Let us suppose that \(L(x) \approx C\), since slowly varying functions do not change much over a large range of \(x\). We can rewrite equation (7.3) as \[\begin{eqnarray*} {\Pr(\min(X,Y)>x) \approx Cx^{-1/\eta}}. \end{eqnarray*}\] Note the similarity with equation (7.1). We can use the Hill estimator to estimate \(\eta\).
For an interpretation of \(\eta\), consider the conditional probability \[\begin{eqnarray*} \Pr(X>x | Y>x) \approx Cx^{1-1/\eta}. \end{eqnarray*}\] If \(\eta=1\) this probability is constant irrespective of the value of \(x\) (as long as \(x\) is large). Otherwise it decreases with \(x\), and this decrease is more rapid more smaller \(\eta\).
7.2.4 Example: dependence in negative returns
The first stage in the estimation is to transform the margins to standard Fréchet. We need the Probability Integral Transform (Section 3.2.5).
If \(X \sim F\), then \(-1/\log F(X) \sim\) Fréchet. Thus we need an estimate of \(F\). We could either
- Use the empirical distribution function (EDF) throughout
- Use the EDF up to a threshold \(u\), and the GPD above the threshold
Option 1 means setting: \[\begin{eqnarray*} \tilde{F}(X_i) = \mbox{rank}(X_i)/(n+1). \end{eqnarray*}\] For Option 2, above a threshold \(u\), we set \[\begin{eqnarray*} \hat{F}(X_i) = 1-\hat{\phi}_u[1+\hat{\xi}(X_i-u)/\hat{\sigma}_u]^{-1/\hat{\xi}}_+. \end{eqnarray*}\]

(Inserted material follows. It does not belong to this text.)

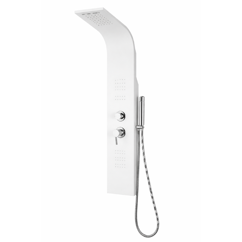 Panou de duș realizat din aluminiu, conceput pentru a oferi rezistență, stabilitate și un aspect modern, potrivit băilor contemporane. Tratamentul de suprafață în finisaj alb mat conferă un design curat și elegant, ușor de integrat în spații luminoase și amenajări minimaliste.

Set \(Z_i = \min(X_i,Y_i)\) \[\begin{eqnarray*} \hat{\eta} = \frac{1}{n_u} \sum_{i=1}^{n_u} (\log z_i - \log u) \end{eqnarray*}\] For \(u\) equal to the 0.95 quantile of the \(Z_i\) we have \(\hat{\eta} = 0.916\) (standard error 0.055), suggesting fairly strong extremal dependence.
We can now estimate the level of the loss that is exceeded by both variables with small probability \(p\). \[\begin{eqnarray*} \Pr(\min(X,Y)>z_p) \approx \hat{C} z_p^{-1/\hat{\eta}} = p, \end{eqnarray*}\] using the estimate of \(C\) as in Section 7.1.2. To translate the estimated \(z_p\) back to the returns scale we need to use the inverse of the earlier transformation to the Fréchet scale. This, amongst other reasons, suggests use of Option 2 is preferable for the transformation.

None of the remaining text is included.